Human papillomavirus type 16 sequence variants: identification by E6 and L1 lineage-specific hybridization.

C M Wheeler 1, T Yamada 1, A Hildesheim 1, S A Jenison 1
PMCID: PMC229505  PMID: 8968874

Abstract

A catalog of human papillomavirus (HPV) type 16 (HPV-16) E6 and L1 signature nucleotides was used to develop PCR-based oligonucleotide probe systems capable of distinguishing HPV-16 class and subclass variants. Twenty-three E6-specific oligonucleotide probes targeting 13 variant nucleotide positions and 12 L1-specific oligonucleotide probes targeting 6 variant nucleotide positions were used to characterize HPV-16-containing cervicovaginal lavage specimens. Nucleotide positions that could be distinguished included E6 nucleotides 109, 131, 132, 143, 145, 178, 183, 286, 289, 335, 350, 403, and 532 and L1 nucleotides 6695, 6721, 6803, 6854, 6862, and 6994. Combined hybridization patterns were assigned on the basis of the predicted HPV-16 class, subclass, or minor class variants described previously (T. Yamada, C. M. Wheeler, A. L. Halpern, A.-C. M. Stewart, A. Hildesheim, and S.A. Jenison, J. Virol. 69:7743-7753, 1995). The major HPV-16 variant lineages detected included European prototype-like (E-P), Asian (As), Asian-American (AA), and African (Af1 and Af2) lineages. In addition, E-G131, an E-class variant, and AA-G183, an AA-class variant, were also identified.

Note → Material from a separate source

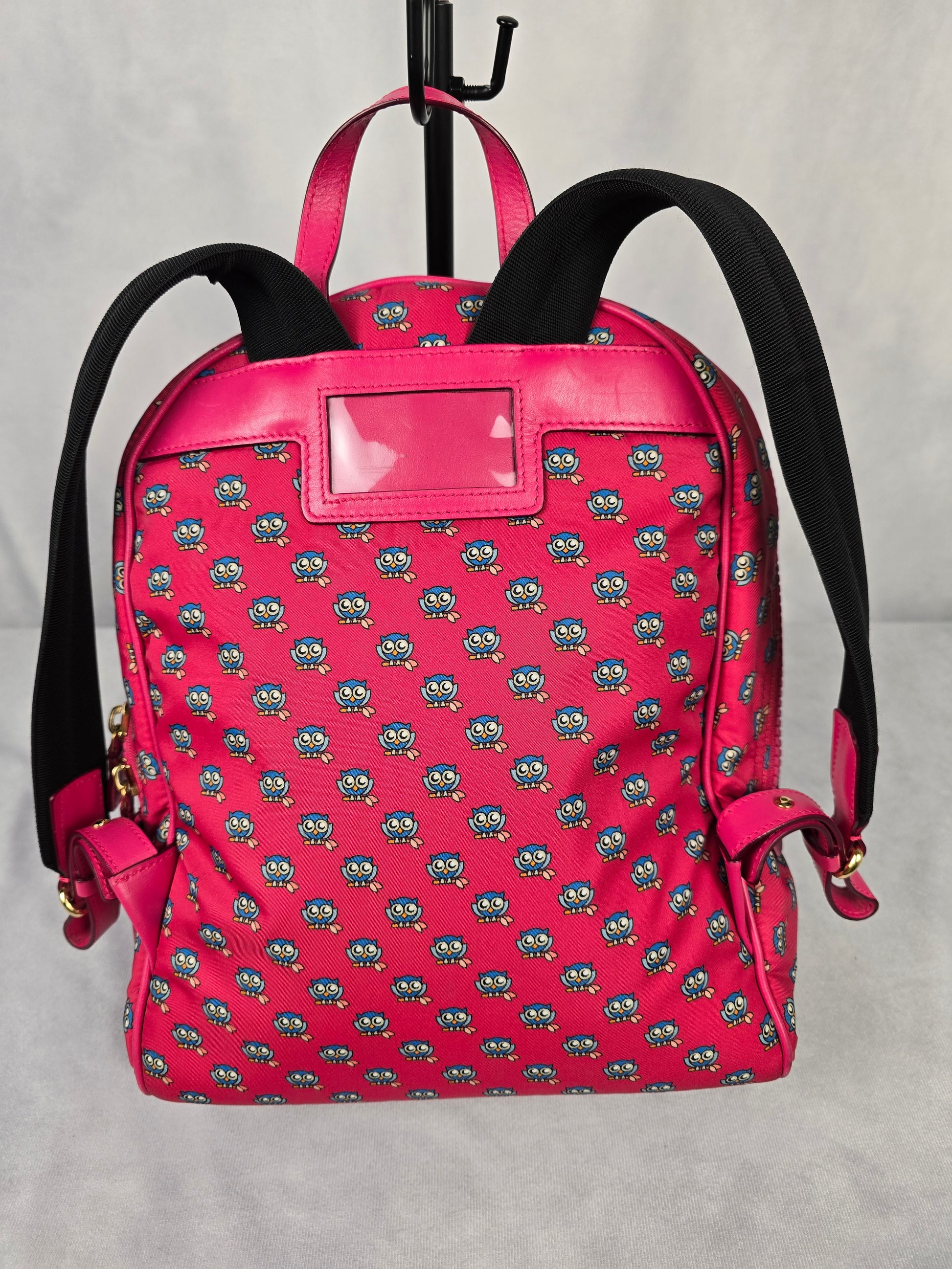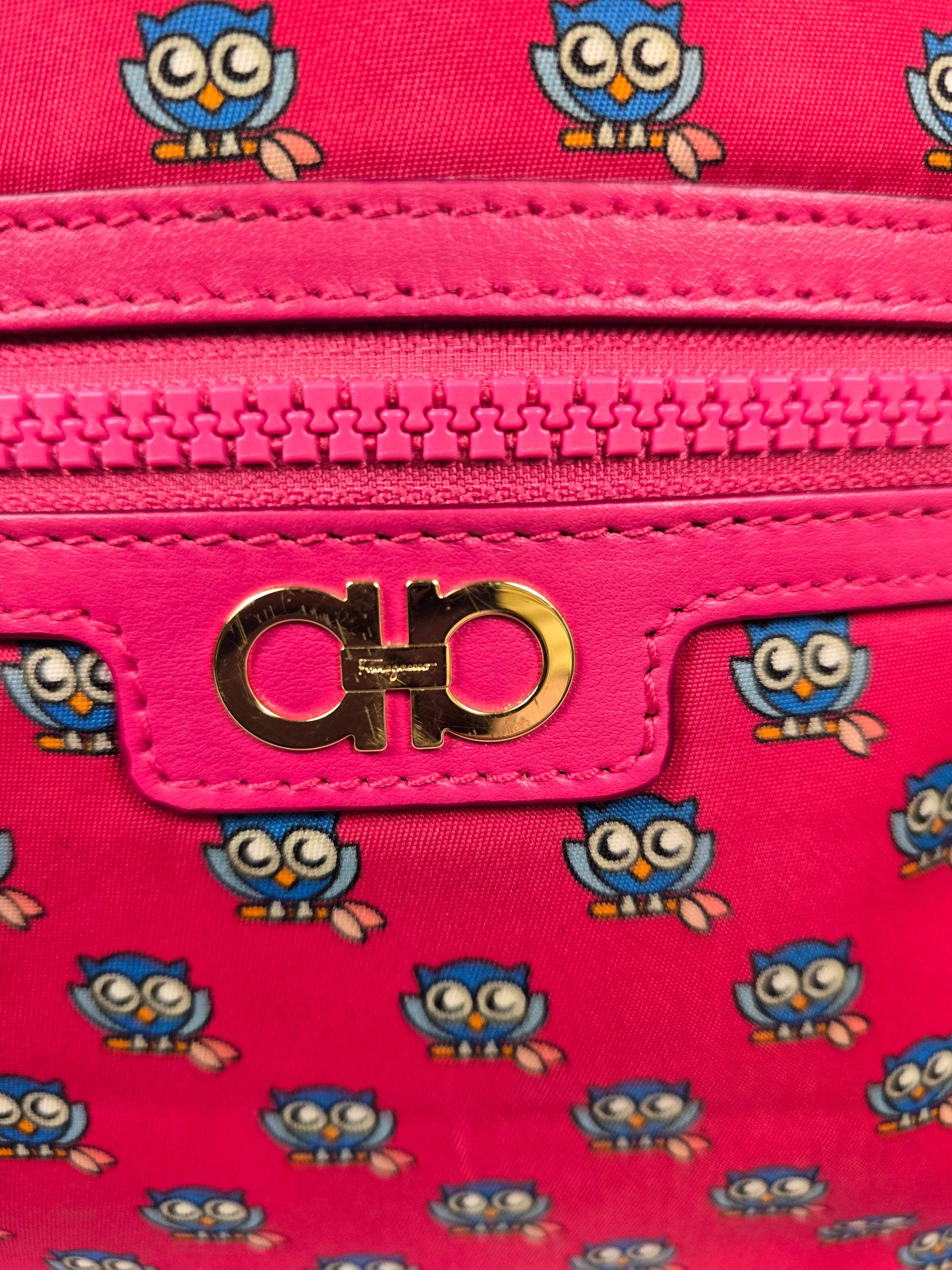 Cute Ferragamo Gancini backpack with an adorable owl print in a stunning pink. This model features the signature Gancini logo on the front pocket with a front zipper pocket and adjustable shoulder strap. The smaller size makes it perfect for kids or adults who want a smaller backpack. In excellent condition!
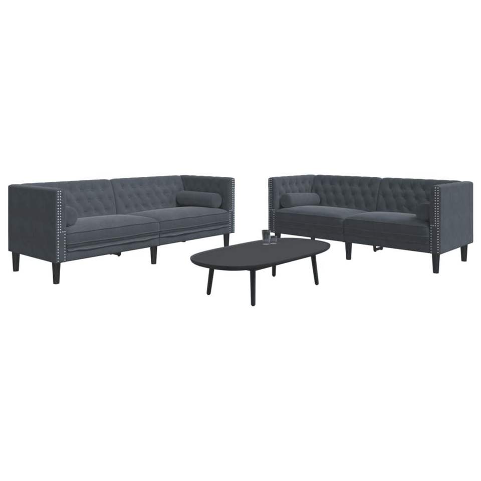 Large Wood Chesterfield Sofa Set in Dark Gray Velvet Foam for Living Room

For each clinical specimen, DNA hybridization results were compared to nucleotide sequence determinations. Targeted L1 and E6 marker nucleotides covaried within all HPV-16 variant isolates examined. These hybridization-based methods result in minimal misclassification error, are amenable to targeting additional lineage-specific nucleotide positions, and should facilitate the large-scale, low-cost analysis of HPV-16 variants in epidemiologic investigations. Specifically, these methods will facilitate epidemiologic studies of HPV-16 transmission and natural history, as well as studies of associations between HPV variants, host immune responses, and cervical neoplasia.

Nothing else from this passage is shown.